How to complete this task:
Pictures in the data should be dropped; transcribe exactly the lines from the one that has "Highboard Sonoma-Eiche 69,5x34x180" through the one that has "China, R.O.C. Used.".

Stored data:
<<<<

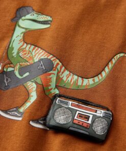 Dit t-shirt heeft lange mouwen, een ronde halslijn en een recht model. Op dit cognackleurige T-shirt staat een dinosaurus met modieuze kleding en sportuitrusting afgebeeld. Het kindershirt met lange mouwen is gemaakt van 100% katoen dat met een silicone- en enzymwassing is behandeld, zodat hij zacht en comfortabel aanvoelt.
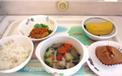 ■10時のおやつ バナナ ■おひるごはん 麦ごはん 魚のもみじ焼き サラダ菜 けんちん汁 ■3時のおやつ きな粉蒸しパン
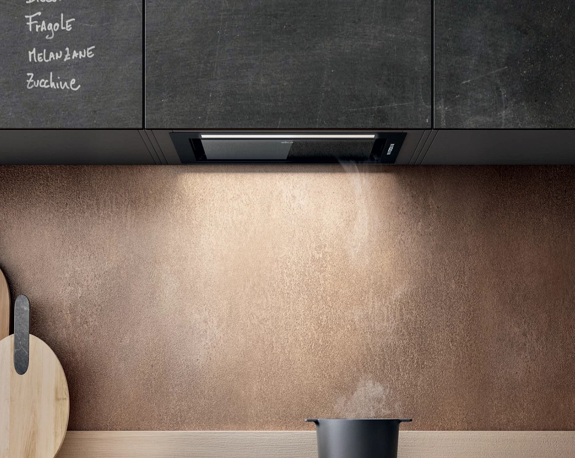 Устройства, которые встраиваются в шкаф или в столешницу. При этом двигатель и все функционирующие элементы, как правило, скрыты. На поверхности остаются лишь декоративные фасады, козырьки и панели управления.
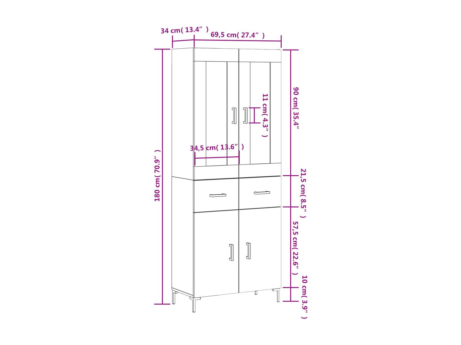 Highboard Sonoma-Eiche 69,5x34x180 cm Holzwerkstoff
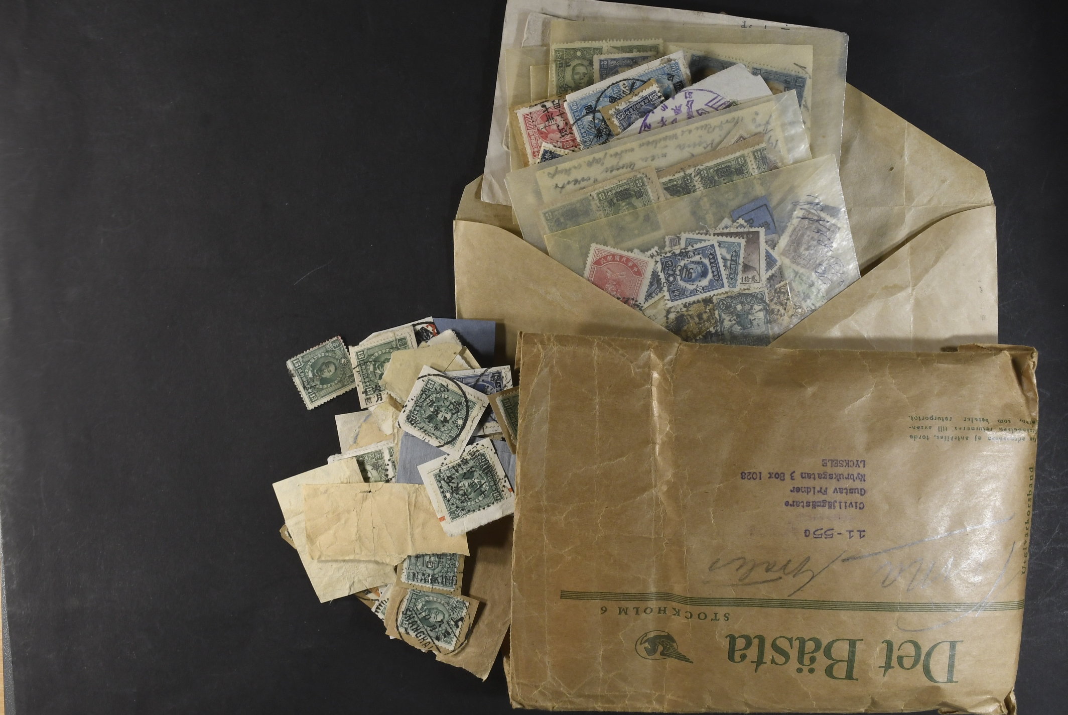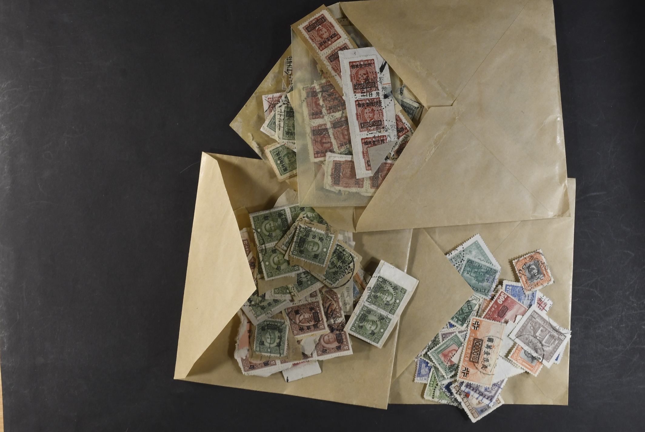China, R.O.C. Used. Box with early papercuts 1920–1940s. Nothing expensive identified, but many different stamps and cancels – seldom seen.
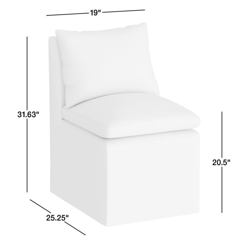 Our fully upholstered outdoor dining chair plays host to extra-plush, pillowy-soft seat and back cushions. Removable and machine washable, the crisp white slipcovers in a linen-textured fabric enhance the chair's casual attitude and beachy flair. The chair comes with two feet options—stationary for a classic look or casters for easy maneuvering.

>>>>

Result:
 Highboard Sonoma-Eiche 69,5x34x180 cm Holzwerkstoff
China, R.O.C. Used. Box with early papercuts 1920–1940s. Nothing expensive identified, but many different stamps and cancels – seldom seen.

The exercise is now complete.